Au premier comme au second tour, le total des voix de la droite, de l’extrême droite membre de la majorité présidentielle (CNI, MPF), et de l’extrême droite opposée au président de la République (FN), représente la majorité des suffrages exprimés. Cette constatation arithmétique justifie la réouverture d’un débat sur "l’union de toutes les droites", c’est-à-dire sur une alliance FN-majorité présidentielle, ou, pour être plus précis encore, sur l’adoption par la majorité présidentielle de thèses du FN et l’entrée de cette formation politique dans ladite majorité.

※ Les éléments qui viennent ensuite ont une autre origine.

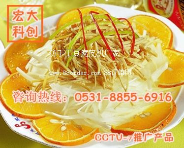 而該機(jī)二人操作,日產(chǎn)可達(dá)1噸,能制出超薄型的豆腐皮,并且產(chǎn)品彈性大,筋度高,薄厚均勻.疊 起用手摔不爛.口感好,遠(yuǎn)遠(yuǎn)勝于手工生產(chǎn)。

Cette "union de toutes les droites" pourrait prendre des formes différentes. Sur le plan électoral, il pourrait s’agir soit d’une discipline de désistement mutuel, soit de candidatures communes. Sur la plan organisationnel, on peut imaginer aussi bien un cartel que la fusion progressive des composantes vers un "parti unique de la droite". Quoi qu’il en soit, cette stratégie suppose "une convergence programmatique" supplémentaire, c’est-à-dire l’acceptation de ce qui différencie le FN du CNI-MPF, à savoir un racisme et un antisémitisme explicites et la capacité à intégrer des courants paganistes, et que la majorité présidentielle persiste à rejeter.

L’opposition à "l’union de toutes les droites", qui s’exprime par un discours antiraciste, se fonde parfois sur des réflexes historiques ou sur des convictions religieuses. Implicitement, elle s’appuie aussi sur la contestation des apparences arithmétiques : en effet, les candidats les plus droitiers de la majorité présidentielle ont été sanctionnés par les électeurs, et le découpage électoral et le mode scrutin, qui peuvent être modifiés, ont occasionnellement joué en faveur du FN au premier tour.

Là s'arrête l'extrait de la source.